Brokers are being warned by the two broker trade bodies not to sign contracts that are currently being issued by the UK's biggest premium finance house, Premium Credit.
Both the Institute of Insurance Brokers and British Insurance Brokers' Association have numerous objections to the sub-clauses in the contract that attempt to impose stricter agency agreements.
But there are two key points in the 13-clause document that have caused the most concern.
The first relates to an exclusivity arrangement and the second to the 12-month notice period required before changing supplier.
Biba chief executive Mike Williams said the contract wrongly passes responsibility, which should be Premium Credit's, over to brokers.

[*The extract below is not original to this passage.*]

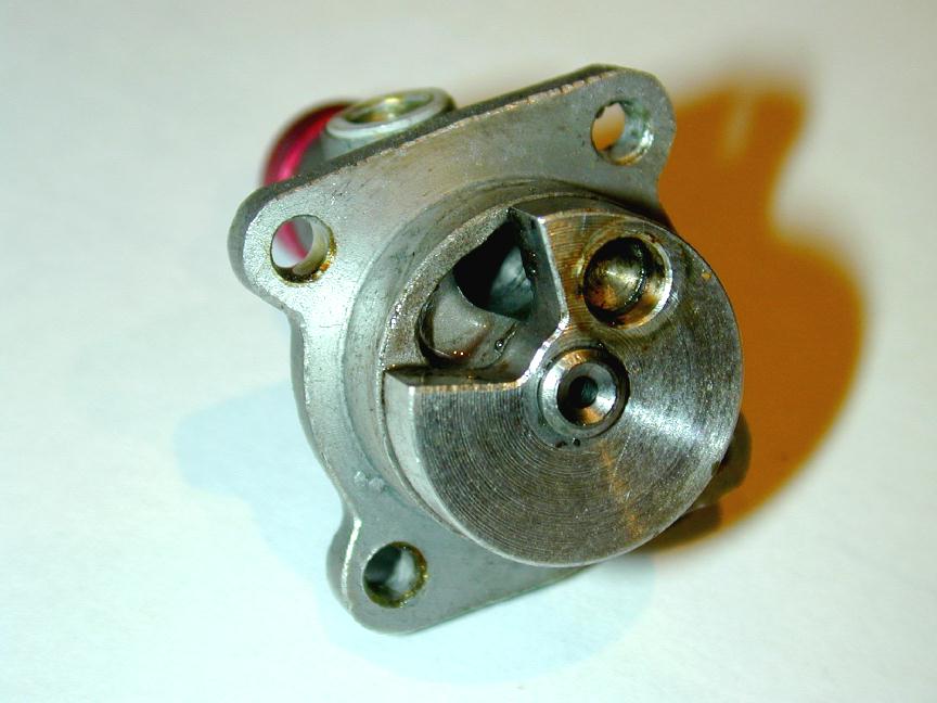 The backplate is relatively conventional with an aluminium timing rotor, held captive under a steel retainer. This retainer is secured by an external screw as shown in the picture here. The inlet is positioned at 12 o'clock, requiring a channel to be provided, following in the direction of rotation, to extend the induction period. I discovered this trick while making the RRV AHC with inlet in the same location. It is not possible to totally govern the inlet duration with the cut-out in the rotor, as the required position would intersect the driving pin position. The relieved backplate trick side-steps that. Note that the backplate is fitted with an anodized venturi insert. The engine reviewed by Herbert was provided with two: 5.0mm, and 3.5mm. Alas, mine came only with the 5.0mm insert. You can also see more numbers stamped under the rotor pin screw. On my engine, this is "539" with the "3" about twice the height of the other two digits. With no evidence whatsoever, I'm going to assert this means the engine was assembled in the March run of 1959. Prove me wrong

“The premium finance company should be taking the credit risk,” he said. “But they seem to want to take belts and braces precautions. It really is not the broker's role in life.”
His concerns were shared by IIB director general Andrew Paddick who said the “devil was in the detail”.
“There are a few obligations imposed on the broker that are worrying, but my main concern is clause seven which calls for the premium finance house to be sole provider.”
A Premium Credit spokesperson said there was no appropriate member of staff available to make a comment.
Premium Credit has been a runaway success story in the past few years. In 1999, it became the first UK premium finance company to fund more than £1bn in credit.
Market rumours are circulating that the company is now gearing itself up for flotation, and needs stricter contracts in place to secure financial backing and satisfy shareholders.
But the company's chief rival, Prompt, claims that the move is merely to cling onto its market share.
“In a period of technology freeing up markets, this is a retrograde step designed to protect Premium Credit from competition,” said chief executive Bob Golden.
“Brokers will make their feelings known.”
In a letter sent to one broker, Biba has questioned ten sub-clauses of the 13-clause document.
Six of the queries hang over the sub-clauses of clause two, which sets out the obligations of the broker.
“I am not sure that a broker could agree to be bound by the terms of a contract between a provider of credit and a client.
“The broker would not be a party to the contract and should not be bound by its terms,” it states.
And it goes on to state: “You should not be bound to retain any claims money following the cancellation of a loan for the payment of insurance premiums. There are legal implications about brokers lieu over claims monies.”